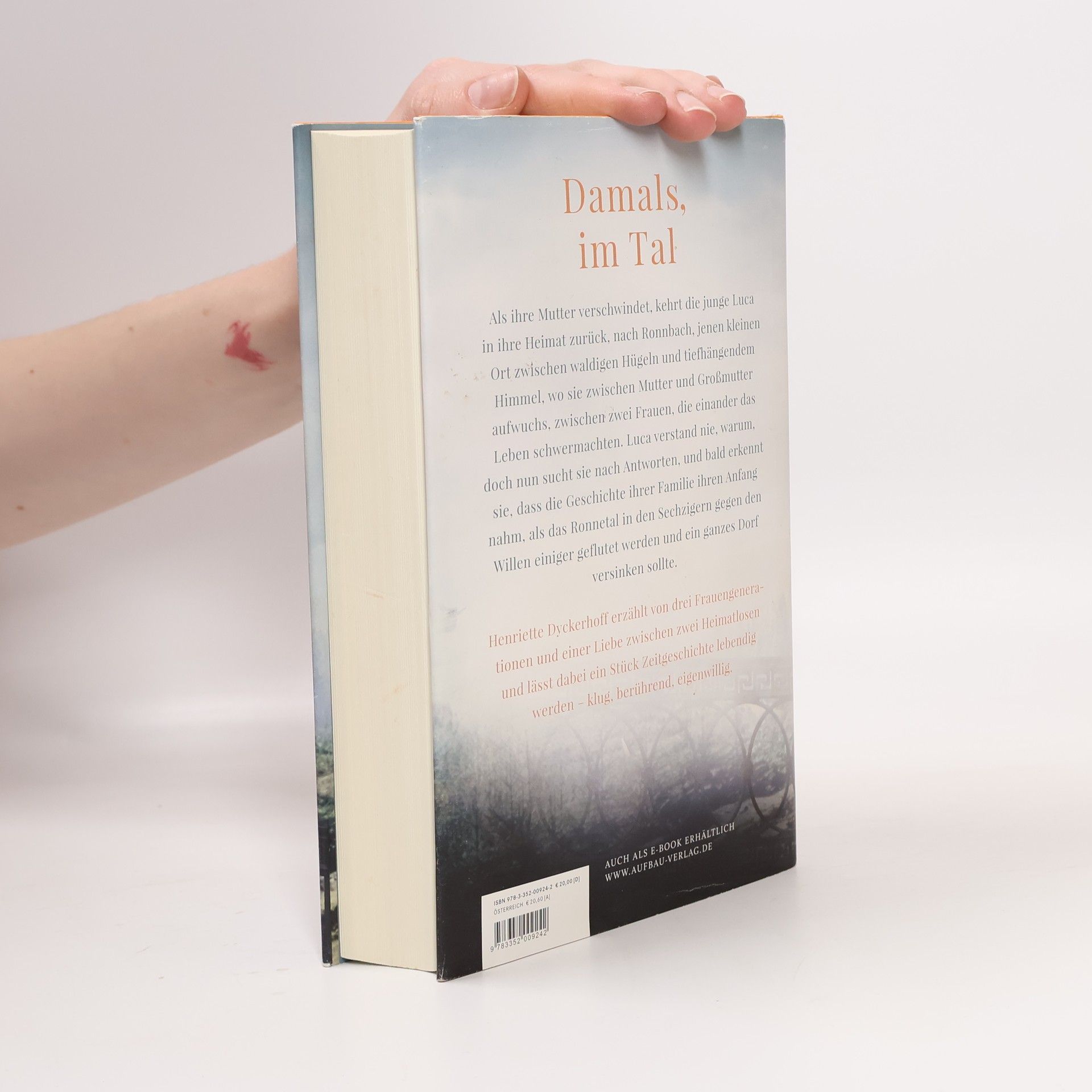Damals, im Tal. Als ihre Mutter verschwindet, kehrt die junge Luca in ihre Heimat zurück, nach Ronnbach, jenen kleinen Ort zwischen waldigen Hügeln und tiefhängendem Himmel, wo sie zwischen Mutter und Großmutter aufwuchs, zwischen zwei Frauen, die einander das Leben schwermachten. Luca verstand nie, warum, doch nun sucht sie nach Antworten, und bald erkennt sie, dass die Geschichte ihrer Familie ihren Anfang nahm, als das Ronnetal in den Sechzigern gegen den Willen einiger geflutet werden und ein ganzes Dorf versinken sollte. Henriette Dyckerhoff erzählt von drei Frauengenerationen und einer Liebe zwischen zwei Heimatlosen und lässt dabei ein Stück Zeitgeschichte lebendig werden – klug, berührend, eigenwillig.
* * *
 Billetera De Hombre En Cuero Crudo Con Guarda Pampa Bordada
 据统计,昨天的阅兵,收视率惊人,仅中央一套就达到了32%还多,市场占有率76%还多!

= Task brief =
Retype only the lines above between the line with "Billetera De Hombre" and the line with "据统计,昨天的阅兵,收视率惊", counting those two lines as well, and keep every character as it is.

= Response to this task =
 Billetera De Hombre En Cuero Crudo Con Guarda Pampa Bordada
 据统计,昨天的阅兵,收视率惊人,仅中央一套就达到了32%还多,市场占有率76%还多!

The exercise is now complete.